Wherever a line holds the word "Gray", copy that line from the data.

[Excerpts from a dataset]
----------
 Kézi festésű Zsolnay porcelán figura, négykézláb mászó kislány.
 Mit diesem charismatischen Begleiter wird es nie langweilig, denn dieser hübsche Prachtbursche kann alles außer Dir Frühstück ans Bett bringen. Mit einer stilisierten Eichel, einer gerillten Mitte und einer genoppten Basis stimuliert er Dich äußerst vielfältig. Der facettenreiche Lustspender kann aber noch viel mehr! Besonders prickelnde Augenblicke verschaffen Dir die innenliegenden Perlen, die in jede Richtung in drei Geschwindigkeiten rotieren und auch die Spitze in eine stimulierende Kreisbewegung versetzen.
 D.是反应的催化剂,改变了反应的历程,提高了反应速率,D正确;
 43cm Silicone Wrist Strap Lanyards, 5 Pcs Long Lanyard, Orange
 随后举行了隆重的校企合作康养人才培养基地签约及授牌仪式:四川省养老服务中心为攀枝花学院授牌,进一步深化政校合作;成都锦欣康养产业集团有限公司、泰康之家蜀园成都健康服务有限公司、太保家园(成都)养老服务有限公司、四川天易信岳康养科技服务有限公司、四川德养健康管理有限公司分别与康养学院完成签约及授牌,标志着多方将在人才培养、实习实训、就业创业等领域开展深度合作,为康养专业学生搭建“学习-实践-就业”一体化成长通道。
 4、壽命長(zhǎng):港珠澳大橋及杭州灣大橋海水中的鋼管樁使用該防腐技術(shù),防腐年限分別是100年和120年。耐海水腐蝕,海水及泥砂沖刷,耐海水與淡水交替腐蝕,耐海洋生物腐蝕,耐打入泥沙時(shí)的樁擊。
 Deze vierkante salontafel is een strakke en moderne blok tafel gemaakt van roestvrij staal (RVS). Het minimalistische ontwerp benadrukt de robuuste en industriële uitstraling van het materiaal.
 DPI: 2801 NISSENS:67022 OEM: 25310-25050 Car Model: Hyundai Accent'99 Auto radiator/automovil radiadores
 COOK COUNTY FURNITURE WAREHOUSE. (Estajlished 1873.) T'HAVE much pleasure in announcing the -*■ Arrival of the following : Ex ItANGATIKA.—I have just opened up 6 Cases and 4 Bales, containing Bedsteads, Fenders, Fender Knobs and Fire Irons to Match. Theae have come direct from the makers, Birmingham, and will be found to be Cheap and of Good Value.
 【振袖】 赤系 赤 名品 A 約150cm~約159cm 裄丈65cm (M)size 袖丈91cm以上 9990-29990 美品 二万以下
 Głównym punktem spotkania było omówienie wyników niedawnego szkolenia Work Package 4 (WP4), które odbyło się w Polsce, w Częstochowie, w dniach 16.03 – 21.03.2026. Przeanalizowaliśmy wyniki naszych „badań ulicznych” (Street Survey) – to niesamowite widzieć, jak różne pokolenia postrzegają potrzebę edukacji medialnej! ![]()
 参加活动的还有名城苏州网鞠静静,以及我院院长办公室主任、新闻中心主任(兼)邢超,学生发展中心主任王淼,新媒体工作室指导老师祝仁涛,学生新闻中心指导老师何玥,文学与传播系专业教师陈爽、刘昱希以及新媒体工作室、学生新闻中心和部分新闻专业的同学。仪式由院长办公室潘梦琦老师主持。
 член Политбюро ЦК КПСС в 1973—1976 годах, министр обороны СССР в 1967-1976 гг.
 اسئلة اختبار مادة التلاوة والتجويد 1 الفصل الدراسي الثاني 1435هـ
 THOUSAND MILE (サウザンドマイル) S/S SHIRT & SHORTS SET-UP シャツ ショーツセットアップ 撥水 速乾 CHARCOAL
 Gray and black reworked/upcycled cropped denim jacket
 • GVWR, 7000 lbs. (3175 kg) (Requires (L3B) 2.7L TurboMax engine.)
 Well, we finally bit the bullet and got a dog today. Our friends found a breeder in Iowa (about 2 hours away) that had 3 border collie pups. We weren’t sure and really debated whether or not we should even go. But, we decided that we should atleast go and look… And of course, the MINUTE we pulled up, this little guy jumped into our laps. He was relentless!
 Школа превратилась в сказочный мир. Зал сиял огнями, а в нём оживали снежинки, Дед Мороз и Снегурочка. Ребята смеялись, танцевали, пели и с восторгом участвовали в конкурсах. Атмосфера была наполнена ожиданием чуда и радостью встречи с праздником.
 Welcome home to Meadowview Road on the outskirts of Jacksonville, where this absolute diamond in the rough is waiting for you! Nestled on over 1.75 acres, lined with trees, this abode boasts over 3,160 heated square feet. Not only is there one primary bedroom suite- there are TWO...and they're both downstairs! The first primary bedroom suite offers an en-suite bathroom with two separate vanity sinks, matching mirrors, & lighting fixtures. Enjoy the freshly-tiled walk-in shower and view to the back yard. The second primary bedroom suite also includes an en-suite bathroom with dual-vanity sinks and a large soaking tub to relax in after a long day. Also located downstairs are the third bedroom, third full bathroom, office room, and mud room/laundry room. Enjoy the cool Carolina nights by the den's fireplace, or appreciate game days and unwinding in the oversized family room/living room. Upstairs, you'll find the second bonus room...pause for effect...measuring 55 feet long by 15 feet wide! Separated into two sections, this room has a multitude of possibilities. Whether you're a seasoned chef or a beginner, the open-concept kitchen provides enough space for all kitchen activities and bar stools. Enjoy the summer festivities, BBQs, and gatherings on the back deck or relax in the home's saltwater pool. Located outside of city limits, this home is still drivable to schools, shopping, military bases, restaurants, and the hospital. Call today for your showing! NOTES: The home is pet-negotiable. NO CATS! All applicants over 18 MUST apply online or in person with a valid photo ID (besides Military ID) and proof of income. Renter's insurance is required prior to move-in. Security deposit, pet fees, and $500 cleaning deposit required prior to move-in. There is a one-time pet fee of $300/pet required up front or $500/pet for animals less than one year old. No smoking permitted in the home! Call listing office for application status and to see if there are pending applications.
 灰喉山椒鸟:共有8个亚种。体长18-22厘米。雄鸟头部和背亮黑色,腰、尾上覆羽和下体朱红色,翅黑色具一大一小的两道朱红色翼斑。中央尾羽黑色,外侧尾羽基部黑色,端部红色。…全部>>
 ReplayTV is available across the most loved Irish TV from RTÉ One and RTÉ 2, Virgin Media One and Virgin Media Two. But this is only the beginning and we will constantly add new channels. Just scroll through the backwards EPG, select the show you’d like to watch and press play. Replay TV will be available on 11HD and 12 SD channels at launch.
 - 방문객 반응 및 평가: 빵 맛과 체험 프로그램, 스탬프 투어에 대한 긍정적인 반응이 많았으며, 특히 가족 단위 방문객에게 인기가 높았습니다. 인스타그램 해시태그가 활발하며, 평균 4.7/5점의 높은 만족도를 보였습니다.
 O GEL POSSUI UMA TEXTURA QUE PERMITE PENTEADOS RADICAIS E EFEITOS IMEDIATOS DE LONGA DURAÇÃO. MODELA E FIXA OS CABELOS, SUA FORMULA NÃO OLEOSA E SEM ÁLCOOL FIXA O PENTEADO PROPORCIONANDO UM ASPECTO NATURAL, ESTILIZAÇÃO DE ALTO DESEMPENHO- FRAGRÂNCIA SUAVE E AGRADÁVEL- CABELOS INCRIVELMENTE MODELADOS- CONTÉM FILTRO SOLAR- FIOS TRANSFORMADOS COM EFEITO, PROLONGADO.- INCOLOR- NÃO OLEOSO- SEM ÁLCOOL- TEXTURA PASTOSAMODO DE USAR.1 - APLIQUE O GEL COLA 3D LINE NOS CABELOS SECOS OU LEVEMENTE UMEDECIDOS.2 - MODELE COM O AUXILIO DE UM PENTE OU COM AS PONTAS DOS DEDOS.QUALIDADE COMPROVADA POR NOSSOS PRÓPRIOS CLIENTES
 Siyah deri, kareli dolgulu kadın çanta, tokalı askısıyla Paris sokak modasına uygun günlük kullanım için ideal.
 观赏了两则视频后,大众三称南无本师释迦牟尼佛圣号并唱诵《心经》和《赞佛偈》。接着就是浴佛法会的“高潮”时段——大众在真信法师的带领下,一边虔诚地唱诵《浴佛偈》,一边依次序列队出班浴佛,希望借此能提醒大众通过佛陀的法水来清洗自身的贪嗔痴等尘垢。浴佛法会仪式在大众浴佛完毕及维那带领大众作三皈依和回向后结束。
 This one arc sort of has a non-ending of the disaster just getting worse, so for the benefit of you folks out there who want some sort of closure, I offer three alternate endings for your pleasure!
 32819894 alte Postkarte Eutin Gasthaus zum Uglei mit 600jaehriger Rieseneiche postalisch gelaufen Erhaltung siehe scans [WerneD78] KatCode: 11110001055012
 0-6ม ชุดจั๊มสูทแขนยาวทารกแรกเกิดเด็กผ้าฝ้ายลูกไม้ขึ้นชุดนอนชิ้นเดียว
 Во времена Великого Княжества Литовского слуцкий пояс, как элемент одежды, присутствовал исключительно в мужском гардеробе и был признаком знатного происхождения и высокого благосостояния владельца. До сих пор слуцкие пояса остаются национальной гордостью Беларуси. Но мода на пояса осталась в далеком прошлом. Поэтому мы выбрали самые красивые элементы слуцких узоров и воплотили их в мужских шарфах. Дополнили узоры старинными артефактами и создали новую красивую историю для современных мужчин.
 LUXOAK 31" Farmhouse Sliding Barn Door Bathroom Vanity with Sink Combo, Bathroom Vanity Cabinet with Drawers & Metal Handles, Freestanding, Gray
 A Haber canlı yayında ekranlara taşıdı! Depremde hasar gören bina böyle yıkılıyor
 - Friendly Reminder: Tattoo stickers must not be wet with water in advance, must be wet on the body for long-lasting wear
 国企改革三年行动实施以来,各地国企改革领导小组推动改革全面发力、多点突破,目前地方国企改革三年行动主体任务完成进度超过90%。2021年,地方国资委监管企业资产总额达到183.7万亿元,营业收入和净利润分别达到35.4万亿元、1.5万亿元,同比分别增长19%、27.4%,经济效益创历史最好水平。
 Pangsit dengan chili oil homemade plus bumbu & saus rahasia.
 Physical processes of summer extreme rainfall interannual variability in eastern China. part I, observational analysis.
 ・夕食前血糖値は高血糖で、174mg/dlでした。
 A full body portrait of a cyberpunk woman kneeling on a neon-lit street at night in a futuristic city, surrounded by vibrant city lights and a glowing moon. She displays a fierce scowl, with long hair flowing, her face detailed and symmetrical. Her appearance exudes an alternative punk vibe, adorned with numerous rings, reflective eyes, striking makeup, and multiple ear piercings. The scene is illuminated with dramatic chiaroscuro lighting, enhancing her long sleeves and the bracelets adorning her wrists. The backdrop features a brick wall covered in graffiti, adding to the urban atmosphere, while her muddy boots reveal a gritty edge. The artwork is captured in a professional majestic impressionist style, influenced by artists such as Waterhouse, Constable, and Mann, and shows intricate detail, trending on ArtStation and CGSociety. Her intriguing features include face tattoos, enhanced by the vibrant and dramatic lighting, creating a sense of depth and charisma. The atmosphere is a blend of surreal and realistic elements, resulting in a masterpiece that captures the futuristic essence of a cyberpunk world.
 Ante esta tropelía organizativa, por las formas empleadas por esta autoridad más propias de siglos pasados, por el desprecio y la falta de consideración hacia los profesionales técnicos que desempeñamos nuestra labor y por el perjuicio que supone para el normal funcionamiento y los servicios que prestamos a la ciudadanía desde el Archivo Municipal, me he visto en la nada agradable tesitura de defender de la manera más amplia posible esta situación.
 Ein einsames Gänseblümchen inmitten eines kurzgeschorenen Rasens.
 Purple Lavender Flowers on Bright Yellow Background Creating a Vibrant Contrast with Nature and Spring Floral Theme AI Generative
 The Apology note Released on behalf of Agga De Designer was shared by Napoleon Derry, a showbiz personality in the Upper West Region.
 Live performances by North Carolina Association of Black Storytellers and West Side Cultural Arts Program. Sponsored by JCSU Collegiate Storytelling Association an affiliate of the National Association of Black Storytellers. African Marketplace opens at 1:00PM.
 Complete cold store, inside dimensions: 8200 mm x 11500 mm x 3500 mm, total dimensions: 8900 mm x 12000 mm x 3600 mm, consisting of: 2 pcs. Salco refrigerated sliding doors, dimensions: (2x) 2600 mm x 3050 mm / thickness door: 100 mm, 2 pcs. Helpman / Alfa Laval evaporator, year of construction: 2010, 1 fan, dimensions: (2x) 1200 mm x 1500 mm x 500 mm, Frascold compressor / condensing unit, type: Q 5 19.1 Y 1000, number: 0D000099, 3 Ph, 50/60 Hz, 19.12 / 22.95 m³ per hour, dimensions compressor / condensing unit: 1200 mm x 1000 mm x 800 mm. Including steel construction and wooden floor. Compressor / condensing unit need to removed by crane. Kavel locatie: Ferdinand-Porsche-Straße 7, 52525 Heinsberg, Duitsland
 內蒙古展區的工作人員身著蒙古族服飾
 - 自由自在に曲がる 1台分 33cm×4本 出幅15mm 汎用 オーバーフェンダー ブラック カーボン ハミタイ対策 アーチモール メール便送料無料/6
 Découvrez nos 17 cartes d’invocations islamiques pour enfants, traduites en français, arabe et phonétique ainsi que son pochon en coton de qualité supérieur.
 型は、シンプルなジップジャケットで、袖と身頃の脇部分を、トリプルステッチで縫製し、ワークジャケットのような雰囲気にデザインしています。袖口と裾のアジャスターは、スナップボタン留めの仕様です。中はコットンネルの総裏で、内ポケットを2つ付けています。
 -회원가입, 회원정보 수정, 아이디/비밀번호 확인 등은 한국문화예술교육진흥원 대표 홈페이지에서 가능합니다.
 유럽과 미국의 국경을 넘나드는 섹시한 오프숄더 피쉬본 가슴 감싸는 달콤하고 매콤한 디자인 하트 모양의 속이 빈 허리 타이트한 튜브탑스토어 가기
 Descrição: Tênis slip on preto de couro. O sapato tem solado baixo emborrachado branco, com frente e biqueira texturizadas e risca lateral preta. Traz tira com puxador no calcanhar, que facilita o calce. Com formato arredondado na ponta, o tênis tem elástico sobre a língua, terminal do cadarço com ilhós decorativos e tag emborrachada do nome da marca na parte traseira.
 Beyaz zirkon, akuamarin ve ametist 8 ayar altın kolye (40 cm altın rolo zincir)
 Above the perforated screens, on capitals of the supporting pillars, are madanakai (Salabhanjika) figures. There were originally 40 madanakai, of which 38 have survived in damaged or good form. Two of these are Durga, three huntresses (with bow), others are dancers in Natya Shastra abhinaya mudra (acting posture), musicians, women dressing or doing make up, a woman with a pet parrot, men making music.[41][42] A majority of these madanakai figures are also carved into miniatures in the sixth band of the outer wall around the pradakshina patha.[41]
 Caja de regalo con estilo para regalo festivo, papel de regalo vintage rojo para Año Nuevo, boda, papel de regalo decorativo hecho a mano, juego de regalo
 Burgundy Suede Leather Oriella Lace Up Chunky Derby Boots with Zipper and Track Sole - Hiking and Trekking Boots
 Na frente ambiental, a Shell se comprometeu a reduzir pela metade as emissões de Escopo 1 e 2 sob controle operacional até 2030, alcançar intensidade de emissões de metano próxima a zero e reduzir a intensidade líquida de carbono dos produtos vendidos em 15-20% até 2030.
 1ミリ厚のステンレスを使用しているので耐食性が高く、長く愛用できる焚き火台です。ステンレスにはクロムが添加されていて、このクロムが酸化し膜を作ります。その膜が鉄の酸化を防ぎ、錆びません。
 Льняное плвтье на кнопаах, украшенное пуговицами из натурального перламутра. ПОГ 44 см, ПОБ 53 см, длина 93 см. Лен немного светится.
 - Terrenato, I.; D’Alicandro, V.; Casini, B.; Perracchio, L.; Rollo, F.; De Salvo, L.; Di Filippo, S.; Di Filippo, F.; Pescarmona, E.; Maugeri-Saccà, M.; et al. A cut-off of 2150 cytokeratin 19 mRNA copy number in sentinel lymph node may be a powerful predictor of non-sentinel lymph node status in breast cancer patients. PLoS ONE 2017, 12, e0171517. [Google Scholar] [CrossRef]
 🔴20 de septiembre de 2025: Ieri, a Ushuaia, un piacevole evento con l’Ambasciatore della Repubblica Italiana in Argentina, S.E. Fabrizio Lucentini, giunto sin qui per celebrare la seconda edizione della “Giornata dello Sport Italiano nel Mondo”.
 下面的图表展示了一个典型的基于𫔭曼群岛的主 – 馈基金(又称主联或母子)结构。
----------
- Completed exercise
 Gray and black reworked/upcycled cropped denim jacket
 LUXOAK 31" Farmhouse Sliding Barn Door Bathroom Vanity with Sink Combo, Bathroom Vanity Cabinet with Drawers & Metal Handles, Freestanding, Gray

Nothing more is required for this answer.